Adopt an Irish brogue: The surest way of passing yourself off as a genuine Son of Erin is to adopt an Irish brogue, or accent. Brogue originally referred to a type of coarse leather shoe, and since to most observers, the Irish sound as though they’re struggling to talk with cheap footwear lodged in their mouths, it makes sense that the word would come to mean an Irish accent.

Wear a little green or orange. . . but never together: Although most Irishmen aren’t particularly fashion conscious, they do have very strong feelings when it comes to the colors green and orange. That’s because orange has come to represent the Protestant Church while green has come to represent the Catholic Church. In the interest of not offending either party, it’s best not to mix the two colors in a single outfit.

Learn to tell a tall tale: The Irish are born with an innate ability to regale audiences with a tall tale.
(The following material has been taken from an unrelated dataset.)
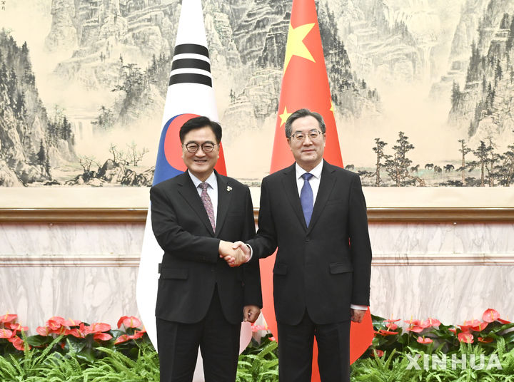 [베이징=신화/뉴시스] 우원식(왼쪽) 국회의장이 4일(현지 시간) 중국 베이징 댜오위타이 영빈관에서 딩쉐샹 중국 국무원 부총리와 면담 전 악수하고 있다. 우원식 의장은 지난 3일 베이징 톈안먼 광장에서 열린 '중국 인민 항일 전쟁 및 세계 반파시스트 전쟁 승리(전승절)' 80주년 열병식 참석을 위해 중국을 방문했다. 2025.09.05.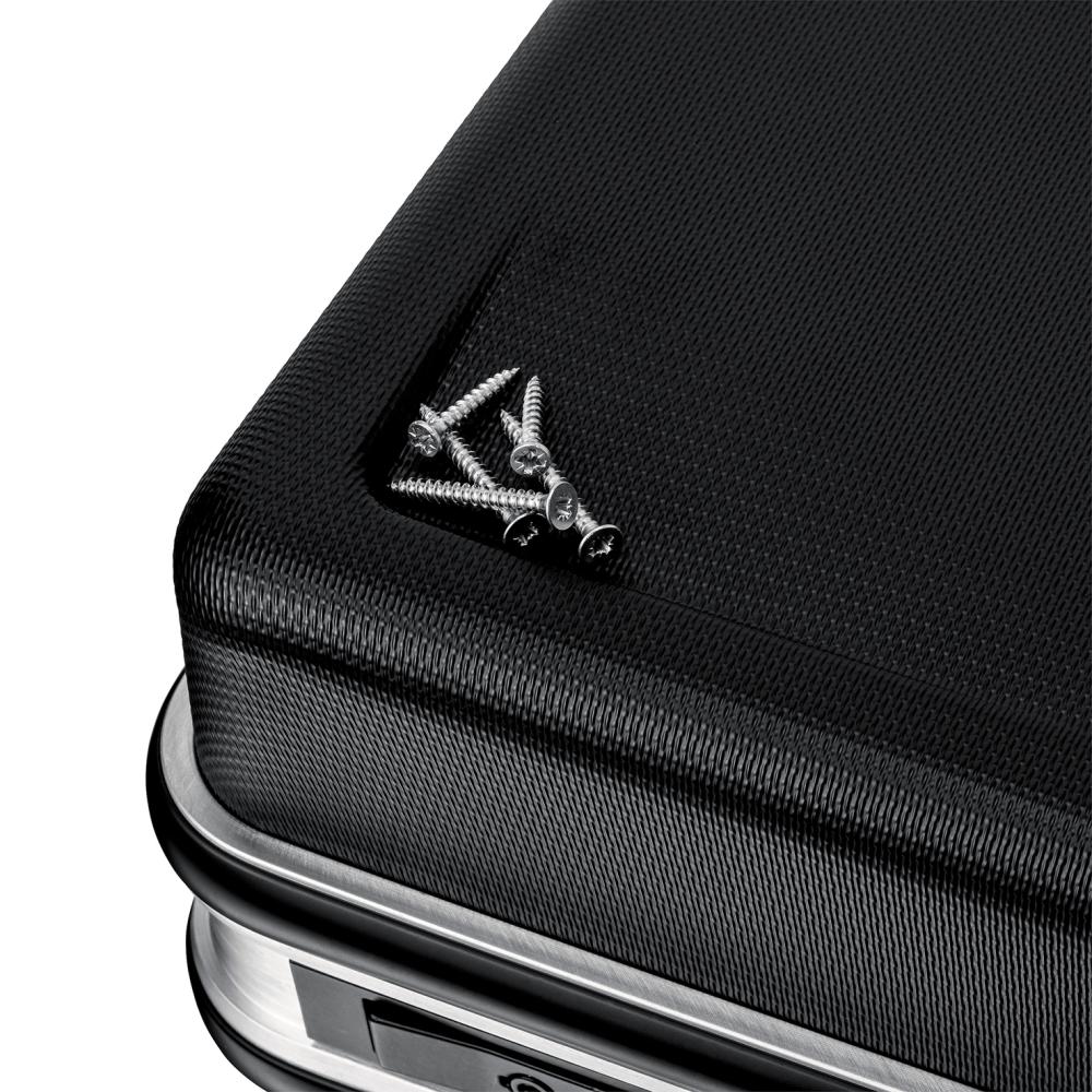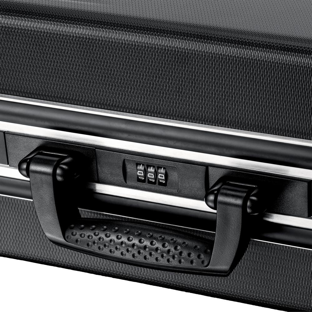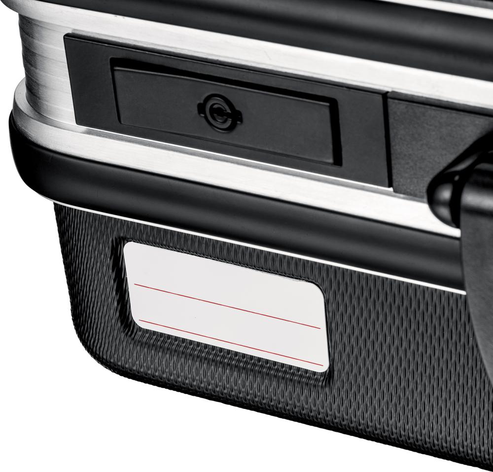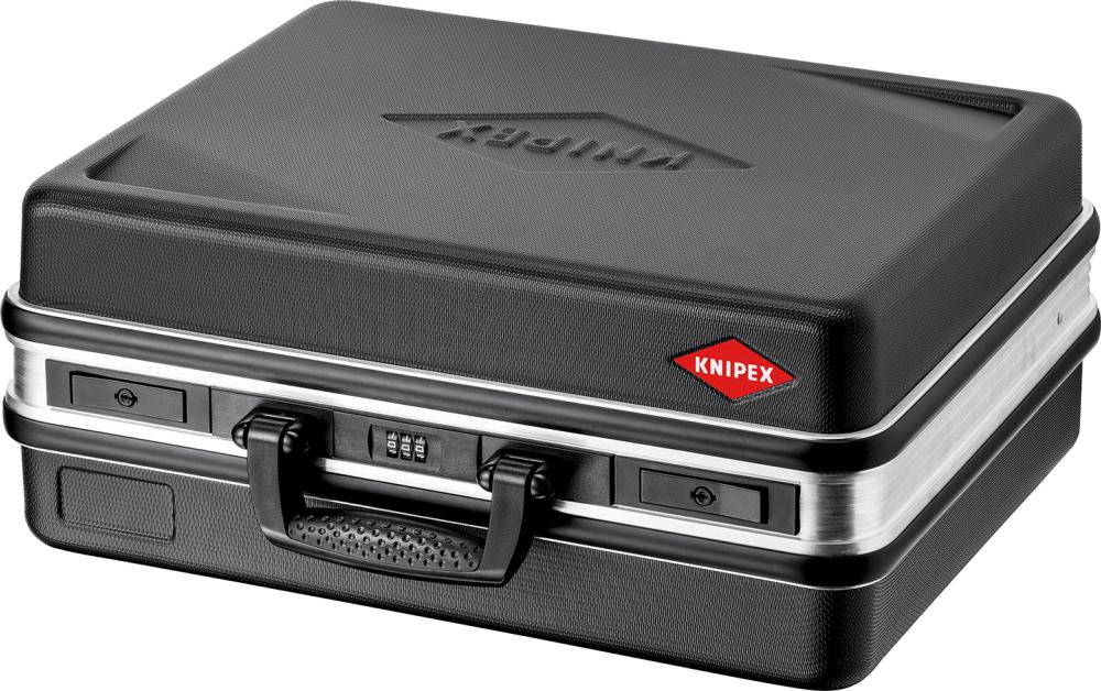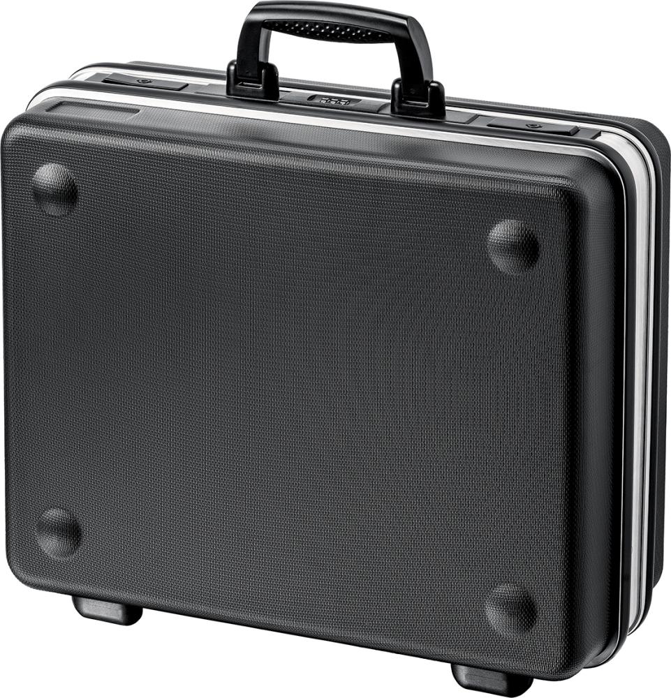 Tool case Basic No. 00 21 05 LE Housing made of ABS plastic, black Aluminium frame Lid holder with hinge mechanism Document compartment in the lid 2 removable tool panels made of dirt-repellent PP with 21 pockets Base tray, 50 mm high, freely divisible and with cover panel with 12 large compartments and 1 flat compartment, can be fixed with a push button Labeling field with 2 stickers for individual labeling Ergonomic carrying handle 2 metal toggle locks and a 3-digit combination lock

Although this God-given gift o’ gab runs the gamut from amusing anecdotes to far-flung fairy tales, the stories themselves are always told with humor, conviction and just a wee bit of exaggeration.

Swear like a mother$#%&er: Many words that are deemed deeply offensive in America are thrown about freely in Ireland to spice up conversations, enliven stories or to simply greet one’s mother. So, start cussing like a sailor on shore leave and you’ll be guaranteed to fit right in.

Make fun of the Scottish: It has been said that proximity breeds contempt, which is probably why the Irish delight in making jokes at the expensive of their Scottish neighbors.

Learn a blessing or two: Whether Catholic or Protestant, the Irish are a deeply religious people who spew blessings at the same rate that some folks exhale.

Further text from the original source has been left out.